The NVIDIA Game Ready Drivers library has helped improve performance and quality in hundreds of next-gen games as well as some older titles (Quake RTX and Portal RTX), demonstrating that NVIDIA is standing by its claims made last year about their artificial intelligence strategy. In this regard, AI could aid in performance and other related instructions and tasks, allowing games to run more smoothly with less graphical interference, removing some, if not all, of the load from the CPU, and processing that information better or more efficiently.
Make it better by working harder. Doing it faster strengthens us. Work is never over, more than ever, hour after hour.

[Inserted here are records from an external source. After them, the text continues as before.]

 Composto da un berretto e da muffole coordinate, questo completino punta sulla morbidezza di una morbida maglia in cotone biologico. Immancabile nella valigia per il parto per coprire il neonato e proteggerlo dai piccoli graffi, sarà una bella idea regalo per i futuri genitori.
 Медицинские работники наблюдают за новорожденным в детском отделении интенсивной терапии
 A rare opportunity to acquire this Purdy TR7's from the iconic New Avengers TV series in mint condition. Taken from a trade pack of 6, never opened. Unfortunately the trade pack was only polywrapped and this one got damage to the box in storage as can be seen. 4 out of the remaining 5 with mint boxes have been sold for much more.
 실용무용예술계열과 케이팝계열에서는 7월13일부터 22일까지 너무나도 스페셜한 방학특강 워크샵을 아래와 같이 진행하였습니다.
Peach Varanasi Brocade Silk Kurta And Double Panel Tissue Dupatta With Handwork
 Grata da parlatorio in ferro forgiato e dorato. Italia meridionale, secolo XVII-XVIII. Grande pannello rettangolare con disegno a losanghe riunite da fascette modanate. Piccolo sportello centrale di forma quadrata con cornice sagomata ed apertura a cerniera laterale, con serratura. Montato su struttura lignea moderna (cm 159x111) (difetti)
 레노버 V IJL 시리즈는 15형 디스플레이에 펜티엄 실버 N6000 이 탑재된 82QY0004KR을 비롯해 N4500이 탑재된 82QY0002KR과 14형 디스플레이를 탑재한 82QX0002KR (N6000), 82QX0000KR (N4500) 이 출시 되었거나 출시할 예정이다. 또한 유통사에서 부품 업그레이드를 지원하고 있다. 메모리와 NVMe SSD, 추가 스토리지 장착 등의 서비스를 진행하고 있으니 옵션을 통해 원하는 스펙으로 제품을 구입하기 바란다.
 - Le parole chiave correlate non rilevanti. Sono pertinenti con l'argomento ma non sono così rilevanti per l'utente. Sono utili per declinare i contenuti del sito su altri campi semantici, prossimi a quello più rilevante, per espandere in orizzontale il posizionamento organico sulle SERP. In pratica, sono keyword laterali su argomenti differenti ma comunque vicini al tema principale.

— Daft Punk’s Harder, Better, Faster, Stronger
CapFrameX tweeted this morning about upcoming drivers that would optimise the NVIDIA Game Ready Drivers with AI enhancements and would be released this year, possibly sooner than expected. It should be noted that the Twitter leaker posted this as a rumour and that it should be treated as a future possibility. It remains to be seen whether these improvements will be delivered via a separate suite or integrated into existing RTX technologies such as DLSS, which rely heavily on AI Tensor cores. NVIDIA did promise to add a variety of improvements and deliver a major update to DLSS by the end of this quarter.
AMD is also working to incorporate AI into its upcoming FSR 3 technology, and their recent Ryzen 7040 ‘Phoenix’ APUs use Xilinx-based AI technology for faster ML and DNN capabilities. This new driver advancement would make use of AMD Radeon Super Resolution, which improves specific latency enhancements and upscaling across the entire system rather than just specifying the overhead to one section of the computer.
With the introduction of its tensor core design, NVIDIA has been at the forefront of AI innovation, and these cores are likely to play a critical role if this news is true. Again, because this is highly speculative, it is unclear how any of this would work or what hardware would be required.